> _SUPPLIED INFORMATION_:
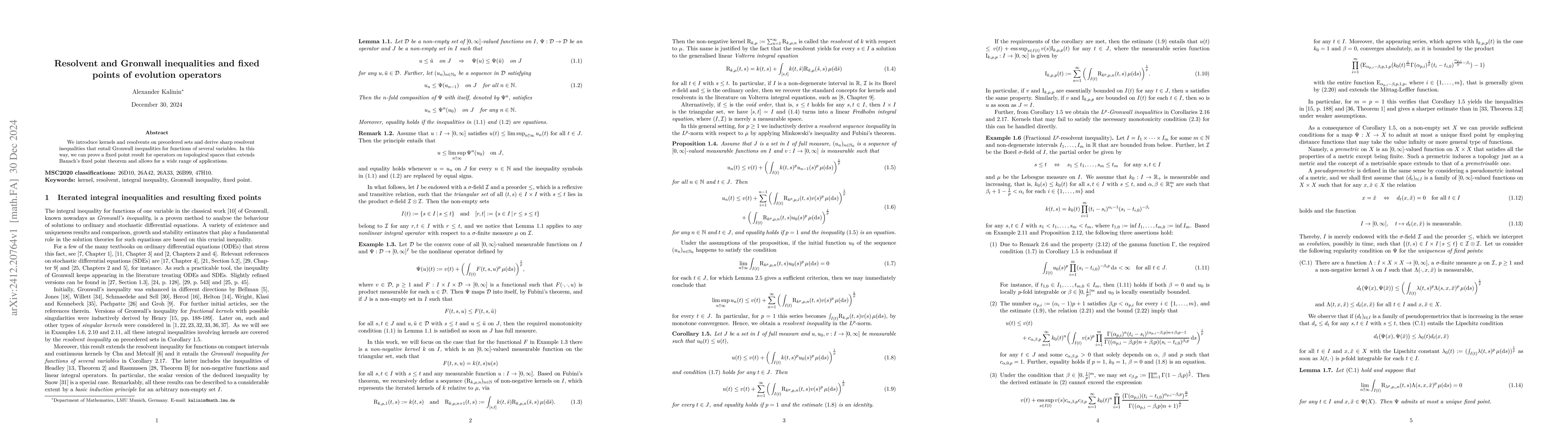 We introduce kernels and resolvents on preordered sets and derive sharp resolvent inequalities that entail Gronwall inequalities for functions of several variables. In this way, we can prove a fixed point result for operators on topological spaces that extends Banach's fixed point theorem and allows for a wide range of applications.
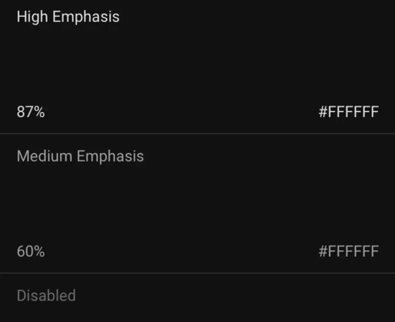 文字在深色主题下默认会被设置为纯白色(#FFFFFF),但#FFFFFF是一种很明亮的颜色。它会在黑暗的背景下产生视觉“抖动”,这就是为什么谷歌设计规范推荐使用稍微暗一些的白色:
--
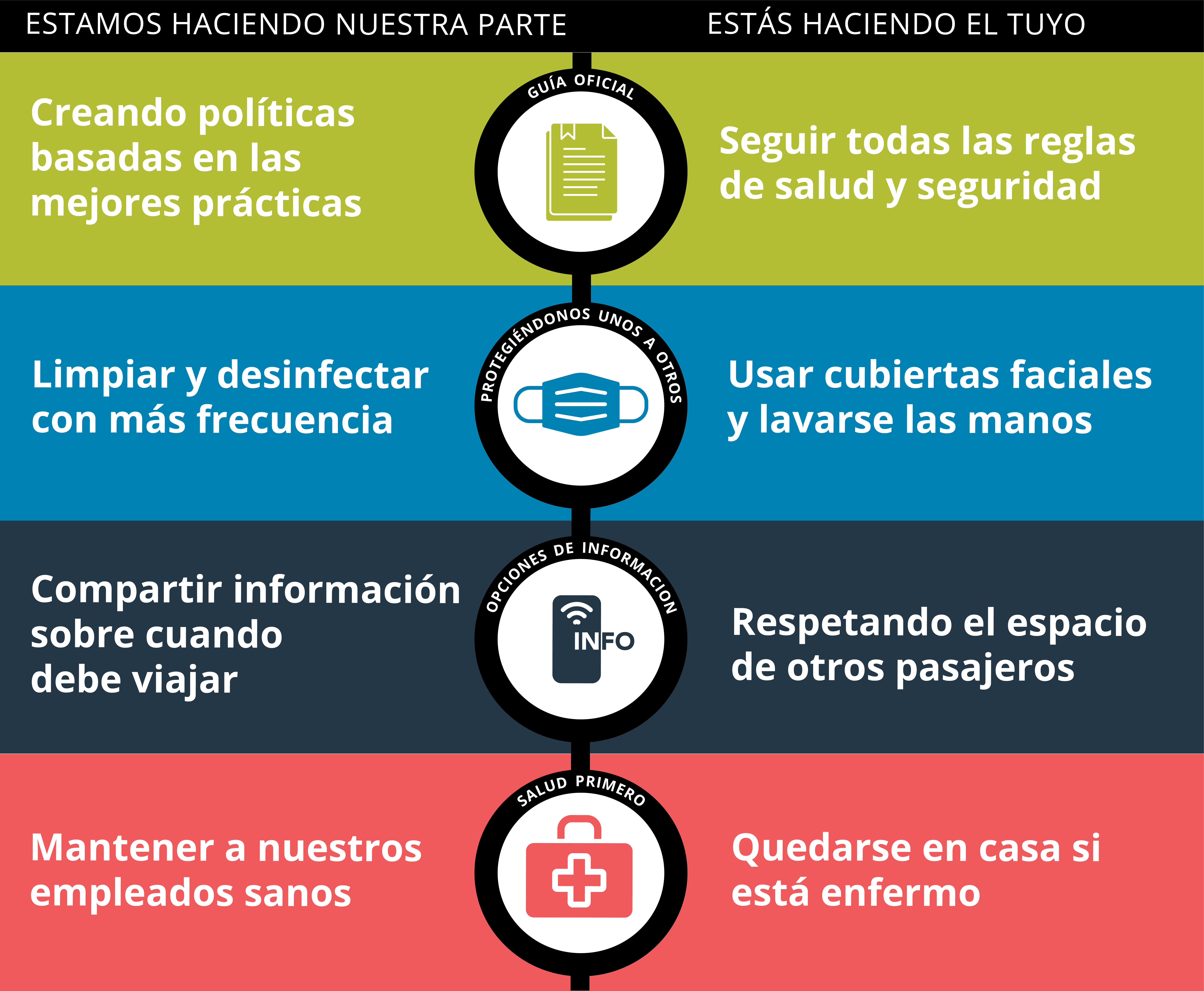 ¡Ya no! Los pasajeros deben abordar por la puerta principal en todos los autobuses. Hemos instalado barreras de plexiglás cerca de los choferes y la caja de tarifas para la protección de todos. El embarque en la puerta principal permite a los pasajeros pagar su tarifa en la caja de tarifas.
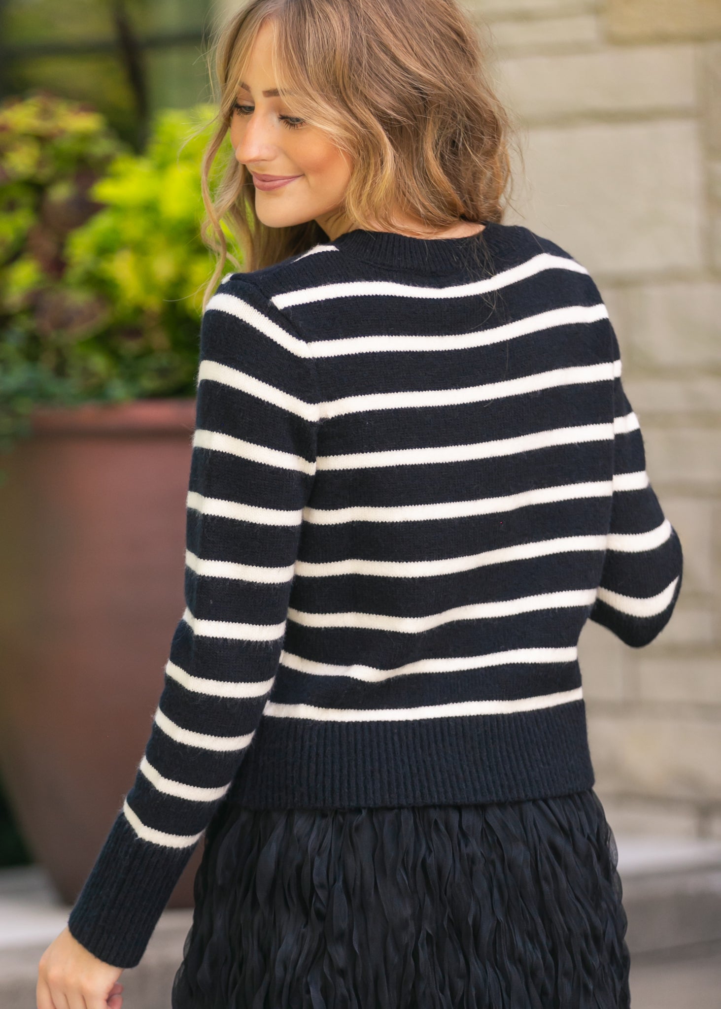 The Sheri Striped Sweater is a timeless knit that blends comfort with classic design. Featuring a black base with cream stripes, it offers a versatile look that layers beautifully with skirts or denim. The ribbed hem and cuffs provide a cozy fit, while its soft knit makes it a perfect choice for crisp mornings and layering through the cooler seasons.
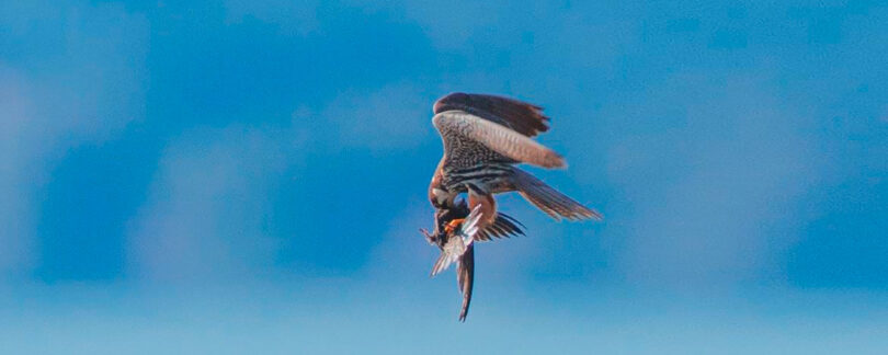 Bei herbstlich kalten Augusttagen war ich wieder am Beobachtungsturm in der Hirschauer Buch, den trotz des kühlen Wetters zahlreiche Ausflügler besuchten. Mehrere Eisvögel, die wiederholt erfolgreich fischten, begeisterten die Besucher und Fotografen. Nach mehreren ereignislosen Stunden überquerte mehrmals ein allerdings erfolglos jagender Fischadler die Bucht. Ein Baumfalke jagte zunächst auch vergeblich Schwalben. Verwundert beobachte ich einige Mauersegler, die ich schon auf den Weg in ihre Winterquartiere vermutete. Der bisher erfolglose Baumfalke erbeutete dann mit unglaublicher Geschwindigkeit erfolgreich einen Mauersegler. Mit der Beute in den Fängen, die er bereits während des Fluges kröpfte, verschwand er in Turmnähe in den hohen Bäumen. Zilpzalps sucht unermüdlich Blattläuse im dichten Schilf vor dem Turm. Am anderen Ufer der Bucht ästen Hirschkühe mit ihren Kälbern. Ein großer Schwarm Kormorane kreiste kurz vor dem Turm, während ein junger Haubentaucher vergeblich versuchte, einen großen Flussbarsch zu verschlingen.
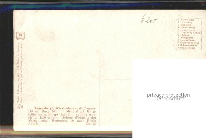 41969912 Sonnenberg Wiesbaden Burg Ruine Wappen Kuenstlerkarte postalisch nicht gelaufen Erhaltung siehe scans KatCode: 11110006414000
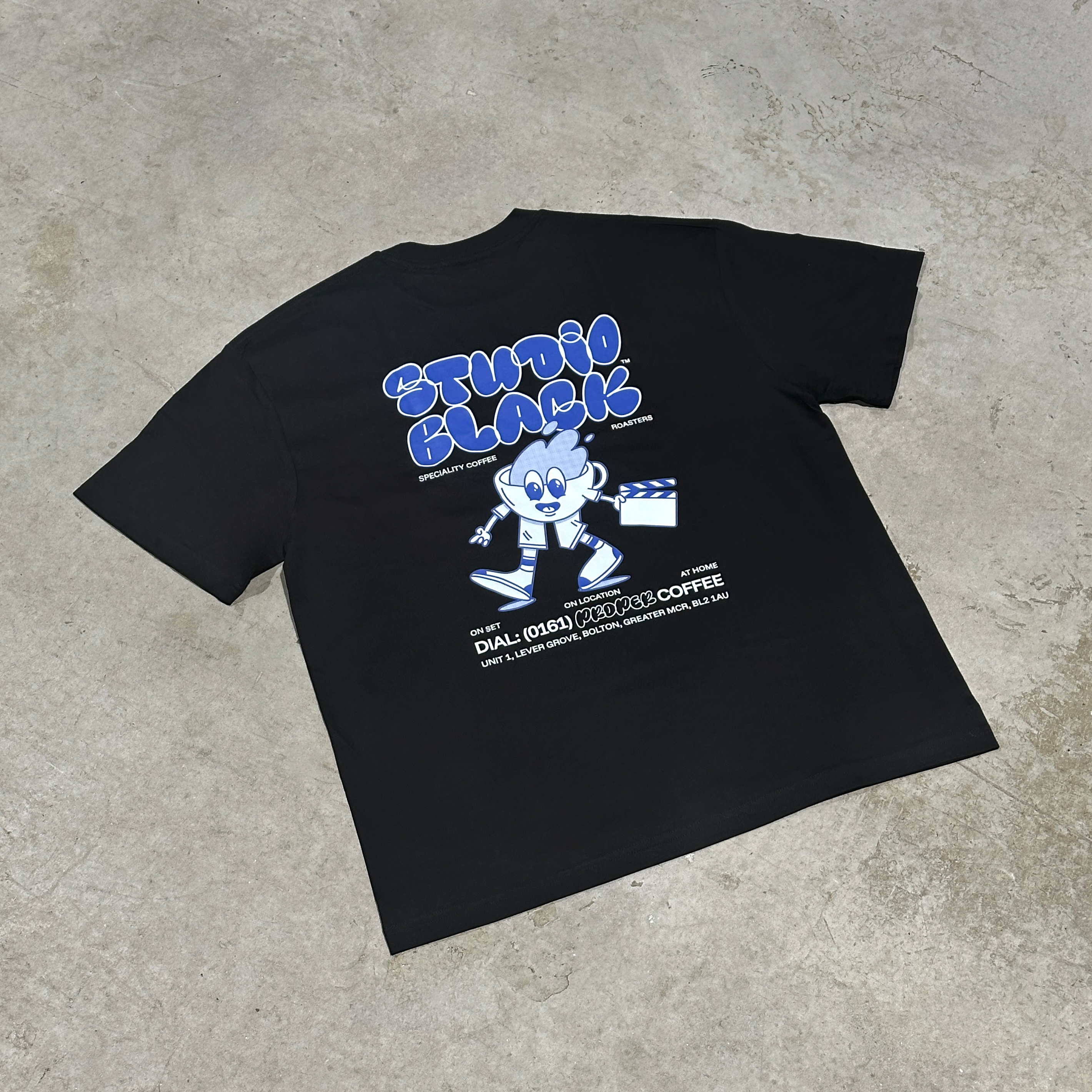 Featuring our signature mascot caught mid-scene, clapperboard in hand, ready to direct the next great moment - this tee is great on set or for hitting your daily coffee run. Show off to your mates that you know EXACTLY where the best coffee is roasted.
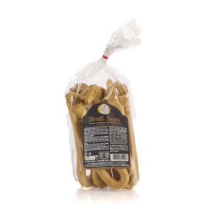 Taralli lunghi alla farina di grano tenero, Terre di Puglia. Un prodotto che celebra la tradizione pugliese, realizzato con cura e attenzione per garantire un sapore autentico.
---
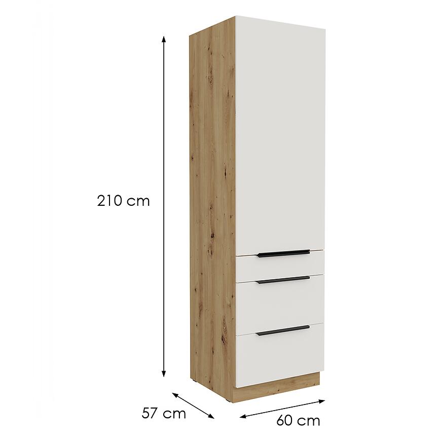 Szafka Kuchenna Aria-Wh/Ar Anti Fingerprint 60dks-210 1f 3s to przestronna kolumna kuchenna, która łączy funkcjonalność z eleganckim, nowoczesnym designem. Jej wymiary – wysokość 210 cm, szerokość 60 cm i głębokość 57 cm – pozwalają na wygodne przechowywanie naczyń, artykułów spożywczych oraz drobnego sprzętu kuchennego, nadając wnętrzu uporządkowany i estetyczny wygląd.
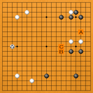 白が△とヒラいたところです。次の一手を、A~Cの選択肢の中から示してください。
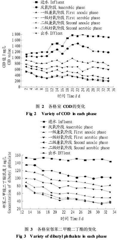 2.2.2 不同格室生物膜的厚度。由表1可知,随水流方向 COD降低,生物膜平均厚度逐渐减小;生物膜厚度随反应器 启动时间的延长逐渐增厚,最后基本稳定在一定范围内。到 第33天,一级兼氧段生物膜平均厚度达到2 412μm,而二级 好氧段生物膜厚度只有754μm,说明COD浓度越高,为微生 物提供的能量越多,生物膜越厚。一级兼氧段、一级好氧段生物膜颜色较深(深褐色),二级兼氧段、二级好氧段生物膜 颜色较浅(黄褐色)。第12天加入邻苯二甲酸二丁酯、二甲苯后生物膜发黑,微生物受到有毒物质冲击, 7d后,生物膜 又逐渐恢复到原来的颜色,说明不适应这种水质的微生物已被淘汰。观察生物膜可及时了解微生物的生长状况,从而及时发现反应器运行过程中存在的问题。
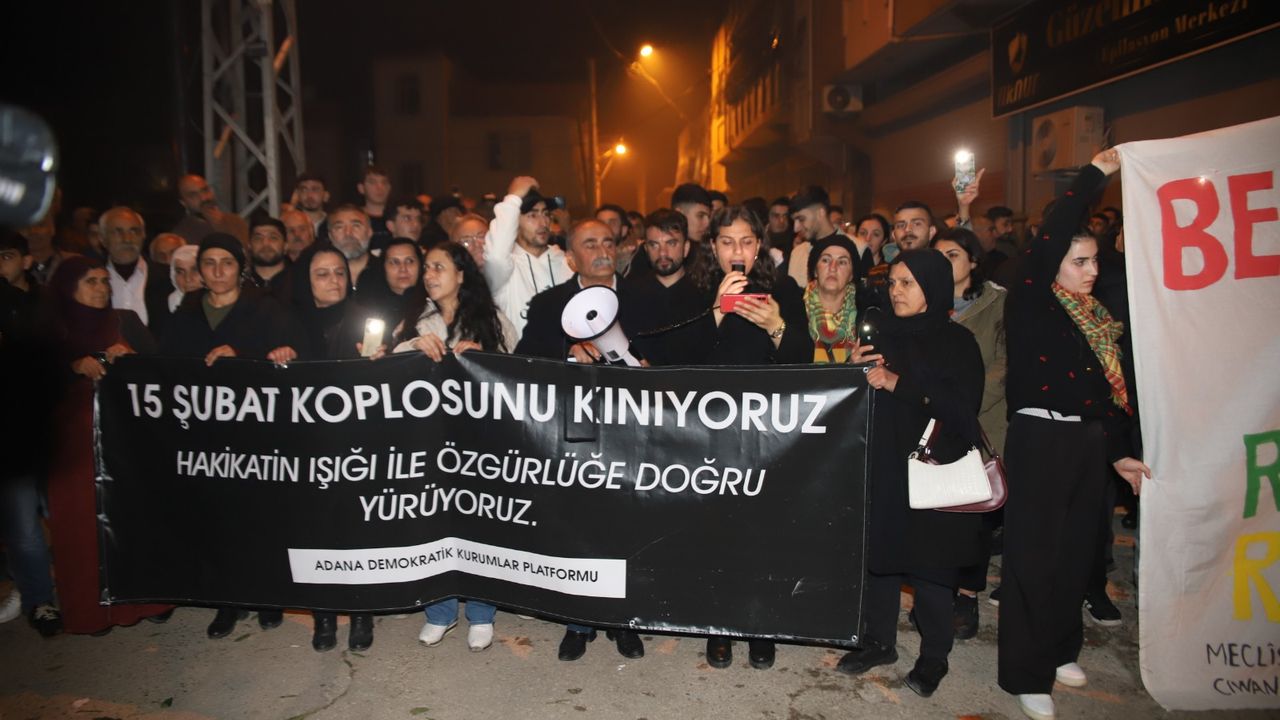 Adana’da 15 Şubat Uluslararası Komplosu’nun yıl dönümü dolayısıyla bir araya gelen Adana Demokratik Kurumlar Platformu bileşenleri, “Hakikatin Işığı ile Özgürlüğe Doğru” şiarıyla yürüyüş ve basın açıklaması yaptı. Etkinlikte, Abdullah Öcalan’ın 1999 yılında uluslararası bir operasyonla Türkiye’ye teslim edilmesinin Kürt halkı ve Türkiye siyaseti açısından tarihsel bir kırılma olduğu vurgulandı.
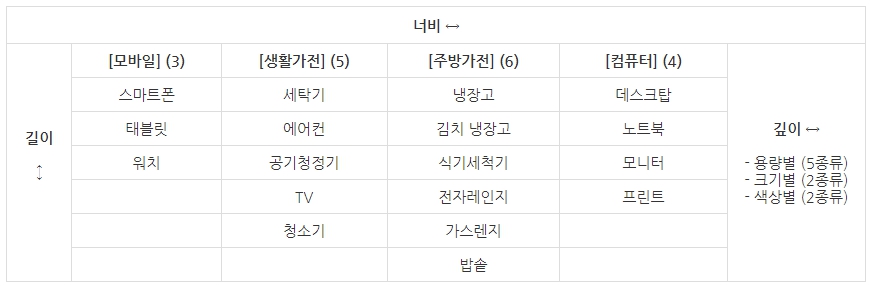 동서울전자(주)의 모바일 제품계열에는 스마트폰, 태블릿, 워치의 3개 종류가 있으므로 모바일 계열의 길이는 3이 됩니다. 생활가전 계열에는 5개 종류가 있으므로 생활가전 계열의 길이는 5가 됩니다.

> _ASSIGNMENT_: Look above for the line with "Adana’da 15 Şubat" and the line with "동서울전자(주)의 모바일 제품계열에는". Output those two and everything between them exactly, pictures excluded.

> _TASK RESPONSE_:
 Adana’da 15 Şubat Uluslararası Komplosu’nun yıl dönümü dolayısıyla bir araya gelen Adana Demokratik Kurumlar Platformu bileşenleri, “Hakikatin Işığı ile Özgürlüğe Doğru” şiarıyla yürüyüş ve basın açıklaması yaptı. Etkinlikte, Abdullah Öcalan’ın 1999 yılında uluslararası bir operasyonla Türkiye’ye teslim edilmesinin Kürt halkı ve Türkiye siyaseti açısından tarihsel bir kırılma olduğu vurgulandı.
 동서울전자(주)의 모바일 제품계열에는 스마트폰, 태블릿, 워치의 3개 종류가 있으므로 모바일 계열의 길이는 3이 됩니다. 생활가전 계열에는 5개 종류가 있으므로 생활가전 계열의 길이는 5가 됩니다.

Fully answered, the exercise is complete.